Conflict-of-interest statement: All authors report no relevant conflicts of interest for this article.
STROBE statement: The authors have read the STROBE Statement—checklist of items, and the manuscript was prepared and revised according to the STROBE Statement—checklist of items.
Data sharing statement: Raw 16S rRNA gene sequencing data are available at the NCBI Sequence Read Archive, under BioProject PRJNA1367939.
Corresponding author: Tam Thi Thanh Tran, PhD, Department of Life Sciences, University of Science and Technology of Hanoi, Vietnam Academy of Science and Technology, 18 Hoang Quoc Viet, Nghia Do Ward, Hanoi 10000, Viet Nam.
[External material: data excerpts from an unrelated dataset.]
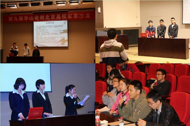 2013年4月中旬,第九屆北京高校軍事沙龍復(fù)賽在北京理工大學(xué)七號(hào)樓報(bào)告廳順利舉行。來(lái)自中國(guó)政法大學(xué)、中華女子學(xué)院、中國(guó)勞動(dòng)關(guān)系學(xué)院、中國(guó)人民大學(xué)、北京航空航天大學(xué)、北京科技大學(xué)、國(guó)際關(guān)系學(xué)院、中國(guó)青年政治學(xué)院、華北電力大學(xué)和北京理工大學(xué)等10所高校的代表隊(duì),分成兩場(chǎng)進(jìn)行了激烈的角逐。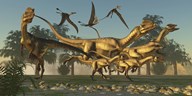 A herd of Apatosaurus dinosaurs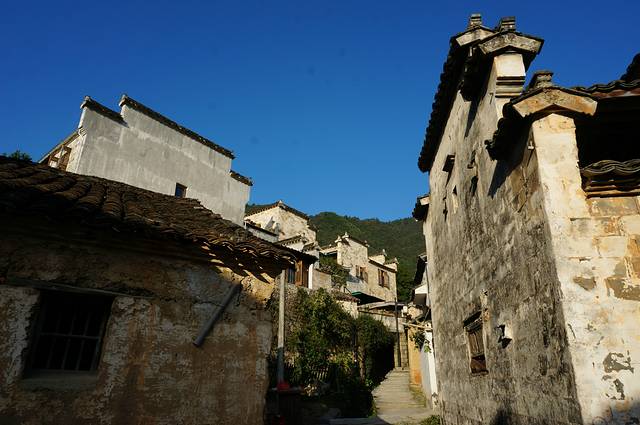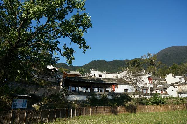 村口及周围地带多植乌桕树,且古树参天,每到秋季,满山树叶色彩斑斓,粉墙黛瓦掩映其中,美不胜收。只是我们去的不是时候。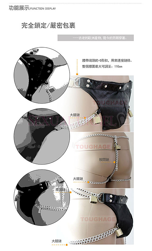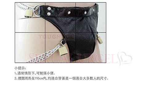 穿上並鎖起來! 這是一條性感的男士内褲,優質.PU皮革縫製,腰間鑲有一條鏡面皮革, 内襯毛巾绒,吸汗且透氣,利於長時間穿著。 特别的設計是:腰圍、胯下及大腿部設置金屬鏈條,並配置4把合金掛鎖。利用鏈條和鎖, 可以牢固的將男性器官嚴密包裹。此外,由於胯下及大腿部僅有鏈條圍繞,因此整個屁股 是完全顯露的,帶來性感和有趣的感覺。 功能方面我們已經提到,它可將男性器官嚴密包裹起來,没有鑰匙打開掛鎖,整條内褲是 無法脱下的。因此,您可以想到:用它來鎖住您的愛人後,他便無法進行性交。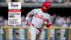 Became the first Phillie in team history with 30+ HR in each of his first three seasons with the club...Was the first Phillie to lead the NL in walks (106) in a full season since Rhys Hoskins (116) in 2019...Ranked third in the NL in HR (38), runs (110) and AB/HR (15.08), tied for fourth in RBI (104), tied for fifth in SF (eight), seventh in OPS (.851) and ninth in OBP (.366) and SLG (.485)...Hit 38 HR when batting in the leadoff spot, tops in MLB and tied with himself (2022) for most in a single season in franchise history...Also ranked first among all ML leadoff hitters in RBI, walks and runs, sixth in hits (142), eighth in OPS and 10th in OBP and SLG...Set a ML record with 15 leadoff HR; with Alfonso Soriano (prev. record: 13 in 2003), they are the only two players in ML history with multiple seasons of 10+ leadoff HR...Was one of three players in MLB with 100 R/100 RBI/100 BB in 2024; also: Juan Soto and Aaron Judge...Is the third Phillie since 1920 with 100 R/100 RBI/100 BB in consecutive seasons, joining Bobby Abreu (2004-05) and Mike Schmidt (1976-77); last in MLB: Bautista (2014-15)...Has scored at least 100 runs in each of the last three seasons, the first Phillie to do so since Chase Utley from 2006-09; is the fourth Phillie to accomplish the feat in their first three-plus seasons with the club, joining Roy Thomas (1899-1901), Sam Thompson (1889-96) and Billy Hamilton (1890-95)...Was the first Phillies batter with at least 100 RBI in back-to-back seasons since Ryan Howard (six straight) from 2006-11, and the first with at least 100 walks in consecutive seasons since Pat Burrell from 2007-08...Set a new single-season career high in hits (142), surpassing 132 in 2019 with CHI, and notched his 900th ML hit on Sept. 21 at NYM...On April 13 vs. PIT, became the first Phillies LHH to reach base five times in a game, all against LHP, since Richie Ashburn on July 26, 1958 vs. LAD off Sandy Koufax...Hit his 250th career HR on April 17 vs. COL (998 games) and joined Giancarlo Stanton (270 HR, 1000 games) and Aaron Judge (315 HR, 993 games) as the only active players with 250 HR in their first 1,000 games...Hit his 100th HR as a Phillie in his 342nd game on April 26 at SD, becoming the second-fastest player in franchise history to 100 HR (Ryan Howard, 325 games)...Became the fastest player to 60 HR in June (172 games) in MLB history; only player to reach 60 HR faster in any month was Juan González (August, 167 games)...On the 10-day IL from June 28-July 7 with a left groin strain...His 14 total bases on Aug. 7 at LAD and 15 total bases on Sept. 3 at TOR were the most in a non-extra-inning game and the fourth- and third-most by a Phillie in any game behind Mike Schmidt (17 on April 17, 1976) and Chuck Klein (16 on July 10, 1936); is the only player in the modern era to have multiple games of 14+ total bases in a single season...Hit three HR and a career-high-tying seven RBI on Aug. 7 at LAD (also: July 28, 2019 vs. MIL with CHI), the first Phillie with such marks in a game since Jayson Werth on May 16, 2008...Registered the first double-digit hitting streak of his career (10 games, Sept. 1-13), slashing .410/.467/1.026 with seven HR and a 1.492 OPS...Hit a leadoff HR in back-to-back games from Sept. 3-4 for the second time (also: Sept. 1-2, 2023) and the fifth instance in Phils history...His five hits on Sept. 3 at TOR were a career high and he joined Mike Schmidt (April 17, 1976) as the only players in franchise history with five hits and three HR in a game...On the same day, became the first player in Phillies franchise history to start a game with a leadoff home run and then hit a game-winning home run in the ninth inning or later...Named NL Player of the Week on Sept. 9 for the second time in his career; slashed .462/.500/1.154 with five HR, 11 RBI, 1.654 OPS in six games...Was the Phillies’ Roberto Clemente Award nominee for the second straight year, presented annually to a player who best represents the game of baseball on and off the field...Named the club’s ML Community Service Award recipient, the highest community honor in the Phillies organization recognizing one player for his character and community involvement...Hit his fifth career postseason leadoff HR and fourth as a Phillie in Game 1 of the NLDS vs. NYM on Oct. 5 (Kodai Senga), the most postseason leadoff HR in MLB history.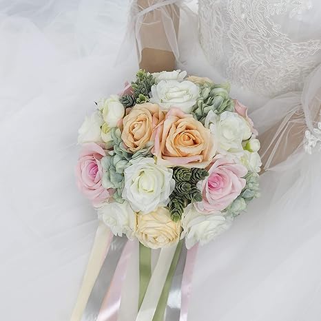Amazon Com Abbie Home Bridal Rose Bouquet 9 Inch Champagne Pink And White Blooming Rose Hydrangea Real Touch Wedding Flowers With Succulents Decoration Home Kitchen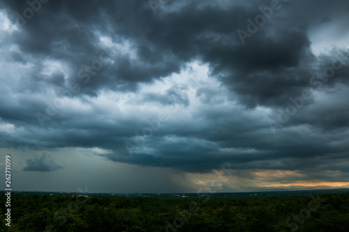 thunder storm sky Rain clouds .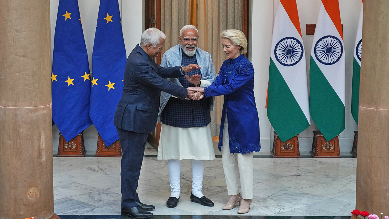 ▲ (왼쪽부터) 안토니우 코스타 EU 정상회의 상임의장과 나렌드라 모디 인도 총리, 우르줄라 폰데어라이엔 EU 집행위원장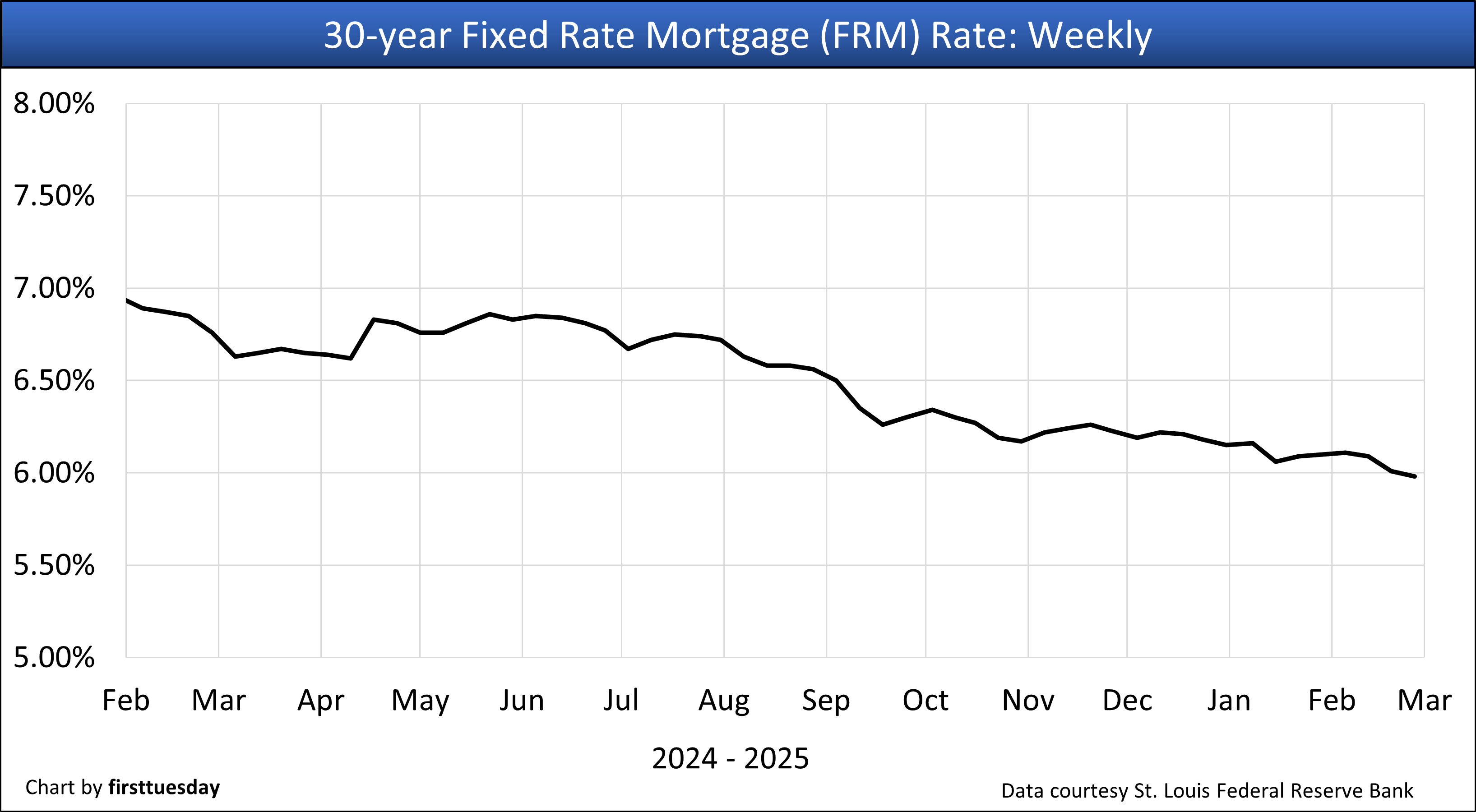The rate on an average 30-year fixed rate mortgage (FRM) decreased to 5.98% in the week ending February 26, 2026. The average 15-year FRM crept up to 5.44%. For those able to switch, the 15-year FRM is one-eleventh less expensive than the 30-year FRM — though principal is more quickly amortized in larger monthly payments.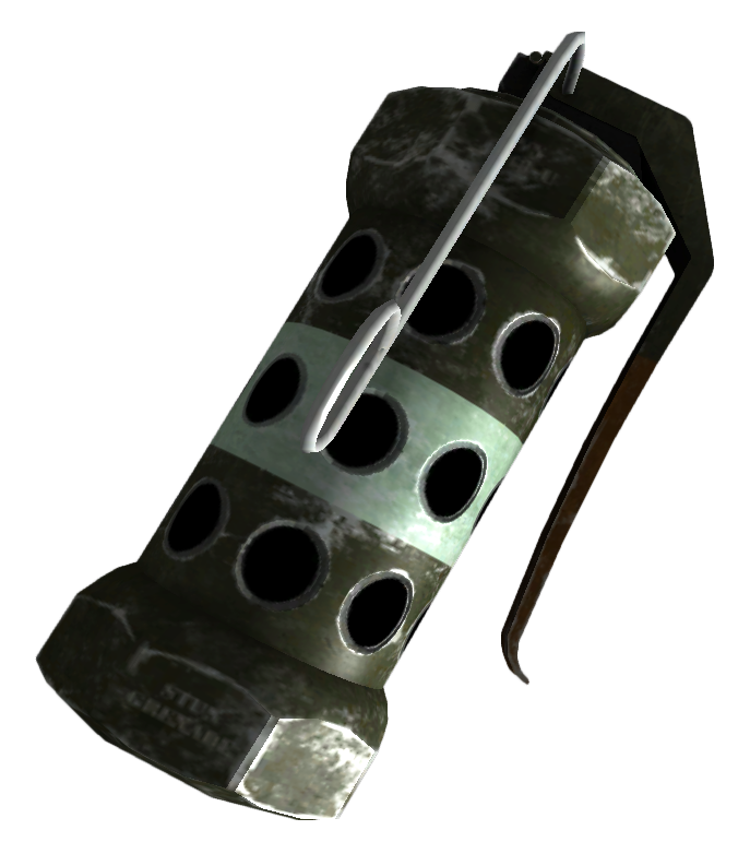 This grenade cut from Fallout: New Vegas was meant to inflict fatigue damage to targets, allowing for a less-lethal explosive weapon. Typical of stun grenades, a bright light accompanies the detonation, which can momentarily blind or blur vision.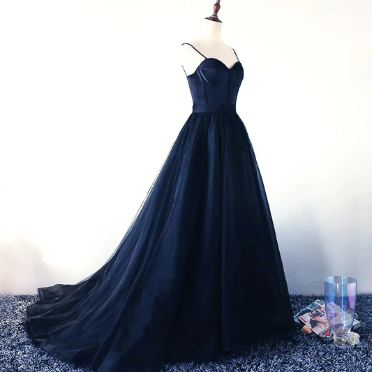 Charming Navy Blue Tulle and Satin Straps Long Party Dress, Navy Blue Prom Dress nv609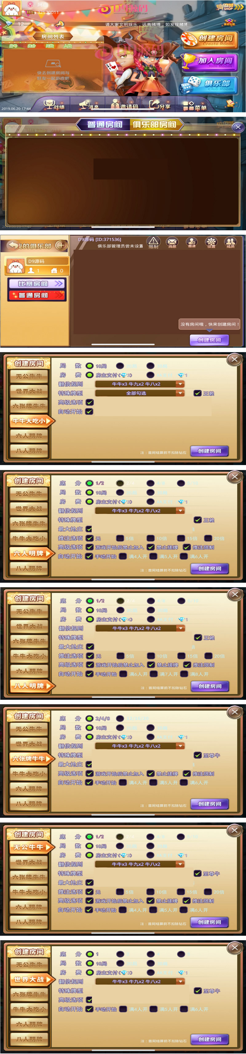 为加速网站,所有图片进行了优化处理,所以并不是高清,实际中游戏与网站本身画面是高清的,部分源码中打包有高清展示图片。棋牌源码网 » P279-九城牛妞房卡组件已修复可创建俱乐部带自动抽水+六种玩法模式版本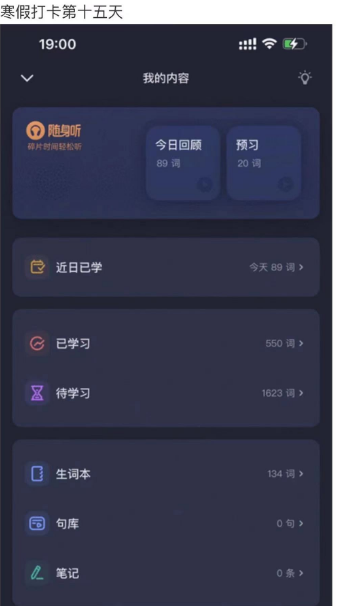 同学大多以英语积累为主,也有些同学会进行高数、考研与证书的学习。星光不负赶路人,时光不负有心人。不积跬步无以至千里。通过寒假打卡活动,同学们养成了自律的习惯。也希望以后的日子希望同学们继续保持自律这一人生态度,坚持好的学习习惯,向梦想奋斗,成为更好的自己!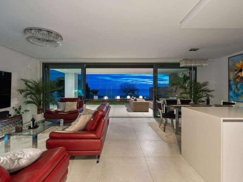 The true eye-catcher is the view. From your terrace, your garden, and your private pool, you enjoy breathtaking panoramic sea views that give this home a truly exceptional character. During the day you experience sunshine, space, and peace and in the evening, the horizon delivers unforgettable colours that never get old. The property features a spacious private garden with natural grass, divided into two areas, and a private swimming pool that blends perfectly into the setting. This is outdoor living at its finest: lounging, dining, swimming, and relaxing, always surrounded by that spectacular view. The large terrace is partly covered, offering the best of both worlds: plenty of sun around the pool and in the garden, while also providing a shaded area where it stays comfortably cool. Indoors, you benefit from the same comfort thanks to the sheltered design. This is the kind of home where you step outside with your morning coffee and think: this is exactly where I want to be.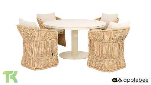 Bring the serene atmosphere of a luxury resort to your own backyard with the Apple Bee Gili dining chair. This series immediately stands out with its charming, robust appearance, perfectly suited to current garden trends. The chair combines a rustic bohemian look with the high-quality comfort you expect from Apple Bee.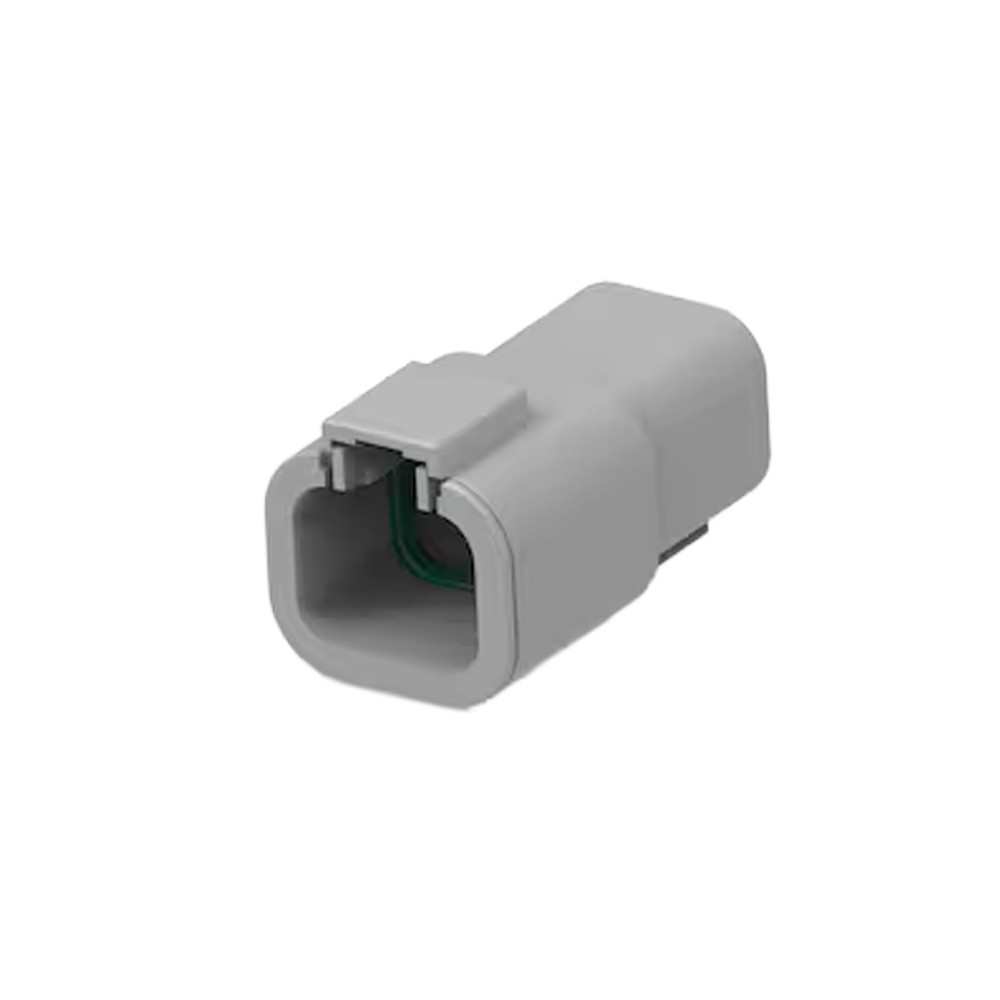 Connectorbehuizing voor Deutsch DTP in 4-polige uitvoering, geschikt voor mannelijke contacten en ontworpen voor draad-tot-draad toepassingen. Uitgevoerd in grijs en vervaardigd uit PA 66 GF15 voor hoge sterkte en duurzaamheid.

tran-thi-thanh.tam@usth.edu.vn
Received: December 30, 2025
Revised: January 22, 2026
Accepted: February 26, 2026
Published online: May 14, 2026
Processing time: 128 Days and 2.4 Hours
BACKGROUND
Colorectal cancer (CRC) is one of the leading common cancers worldwide. Emerging evidence indicates that the gut microbiota influences tumor progression and response to anti-CRC therapies. Yet, longitudinal studies tracking microbiota changes during the treatment period are rare, and none has been conducted in Vietnam.
AIM
To describe gut bacterial diversity and composition changes during CRC treatment, and their association with the response to treatment.
METHODS
Clinical data and fecal samples were obtained from 31 patients with CRC at diagnosis, after surgery, and after chemotherapy completion. After surgery, 13 patients received single-agent therapy [5-fluorouracil (5-FU)] and 18 received combination therapy (≥ 2 drugs, including 5-FU and oxaliplatin). Gut microbial diversity and community composition were characterized using 16S rRNA short-amplicon sequencing (V3-V4) of fecal genomic DNA, followed by downstream analysis with the QIIME2 pipeline.
RESULTS
In patients with CRC, the fecal microbiota alpha and beta diversity (unweighted UniFrac distance) and taxonomic composition changed over time during the treatment period. Alpha diversity decreased after surgery and after chemotherapy compared with baseline (diagnosis), and this was accompanied by the loss of several bacterial families and genera. Several pathogenic taxa, previously identified as overrepresented in patients with CRC relative to healthy individuals, strongly decreased after surgery and after chemotherapy, such as Parvimonas, Peptostreptococcus, Porphyromonas, Desulfovibrio, Prevotella, and Turicibacter. After chemotherapy, short-chain fatty acid-producing bacteria also were reduced, particularly within the genera NK4A214, UCG-005, and UCG-002 (Oscillospiraceae family), as well as the Eubacterium ruminantium and Ruminococcus gauvreauii species. Additionally, several taxa showed differences in function of the chemotherapy regimen and treatment response, which did not remain significant after multiple testing correction.
CONCLUSION
Following surgery and chemotherapy, the gut microbiota profile changed in patients with CRC, with loss of both disease-associated and beneficial bacteria. These results emphasize the potential of microbiota-targeted strategies for improving therapeutic outcomes and quality of life.
Core Tip: Gut microbiota plays key roles in intestinal inflammation and tumor development, but also in shaping the anti-tumor immune responses. We longitudinally monitored the gut microbiota of patients with colorectal cancer (CRC) at diagnosis, after surgery and after chemotherapy. Alpha diversity declined and the overall microbial composition (unweighted UniFrac distance) changed at the three timepoints. Overall, CRC-associated pathogens and short-chain fatty acid-producing bacteria were decreased at post-treatment timepoints. Collectively, these results underscore the clinical potential of microbiota-targeted approaches to strengthen the gut barrier and enhance chemotherapy efficacy.